Reason and logic generate no such comforting feelings - only the assurance that whatever solution we work out today probably won't work next year because the world will have changed so much - so we'll just have to keep trying to improve things and adapting.
Reality based solutions are often like the bitter tasting medicine that our mothers wanted us to take. Like paying for hurricane relief by canceling the Bush tax-cuts as Bill Clinton proposed last week.
The repuke voters are kids who grew up and decided they would never take their medicine. Or, they grew up ready to take responsibility for the future by electing serious problem solvers to governmemt - but then fell for the year 2000 neo-con sales-pitch (and the Media led destruction of Gore) because it just felt so much better than what we liberals were saying about being careful with the surplus and using it as a launching pad for greater equality and opportunity in America.)
Until Bush II, no repuke, not even Reagan, has been so willing to attack reality-based solutions in favor of complete dogma - and the devil take the hindmost.
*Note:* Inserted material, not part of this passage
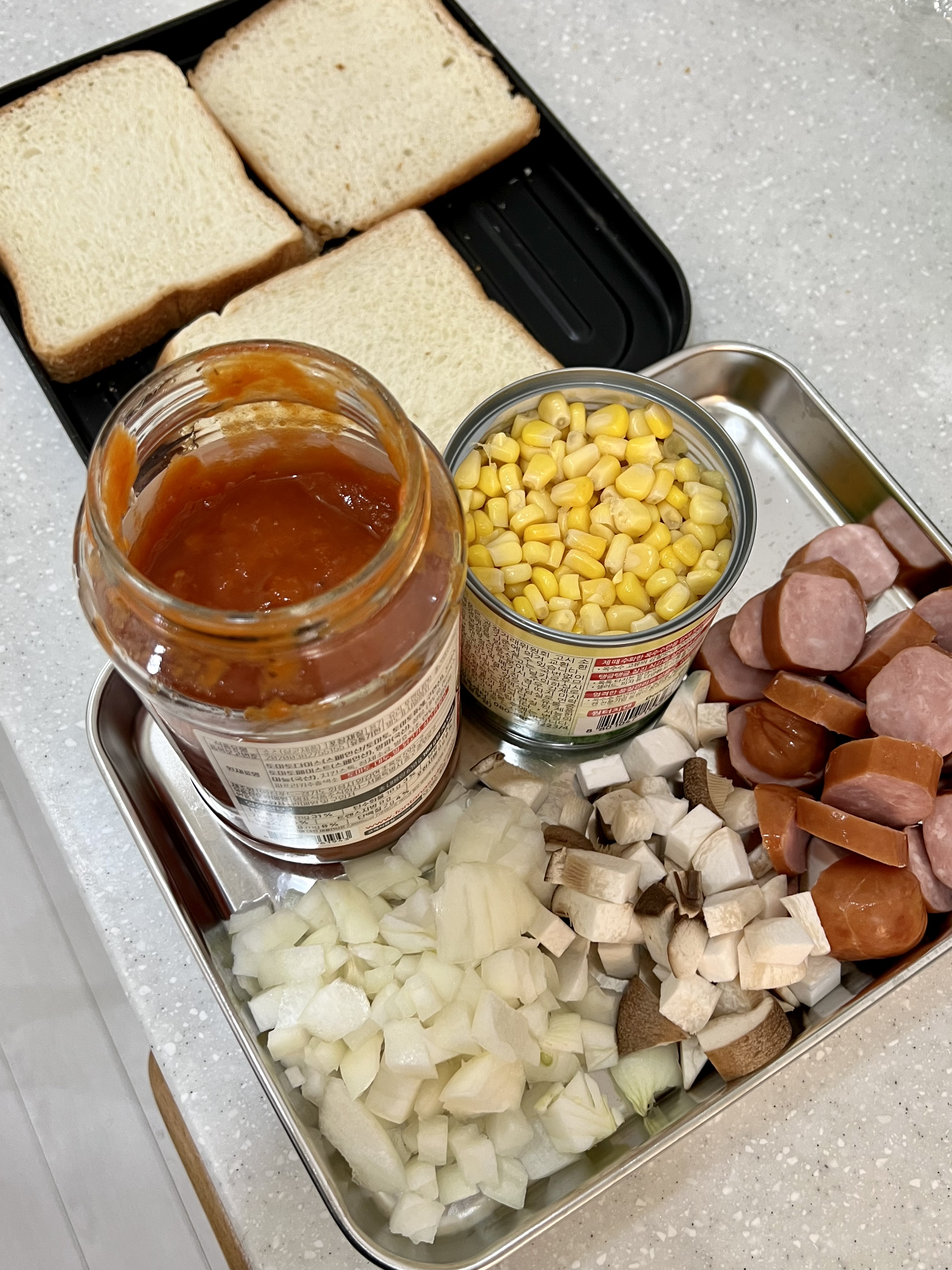 식빵에 햄이랑 옥수수 치즈 넣고~~

Their leaders (Bush's neo-con enablers and Rove) understand this very well. They tell the voters that they don't have to give their tax breaks back to the mean liberals, they can too pray in schools, etc. - because God and Repuke ideology (read the free market) will take good care of them.
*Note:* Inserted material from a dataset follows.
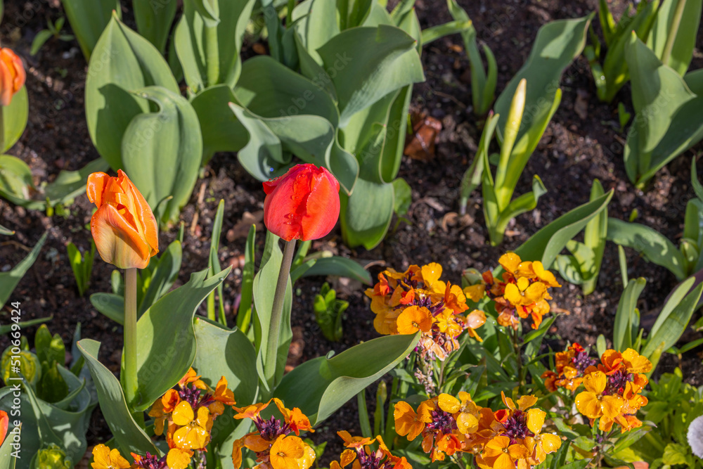 Beautiful view of yellow red tulips and orange petunia flowers with water drops after rain. Sweden.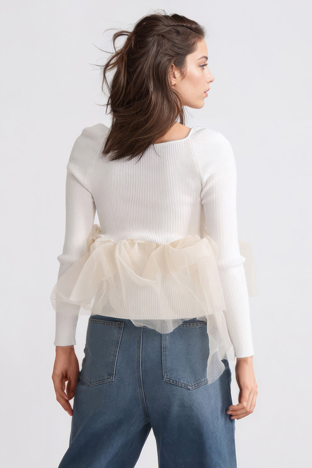 This ribbed long sleeve top features a sweetheart neckline and unique mesh detail. Crafted with a stretchy fabric. this top is both stylish and comfortable. Perfect for both day or night looks.

Faith-based feels so good. But reality bites. They have used Clinton's surplus and great economy to postpone that big bite until they are far down the road and will have destroyed all the progressive gains that we have made since FDR.
I'm convinced that Roberts (and O'Conner's replacement) will be the most important step in dismantling our progressive institutions. Every thing that's happened so far was a prelude to getting the SC under firm control of conservative ideologues.
Now, no matter who we elect, or what legislation we pass to repair the damage - we'll face a SC ready to reverse it and declare it unconstitutional - on whatever ideological grounds they decide to use against us. And there won't be a damned thing we can do about it.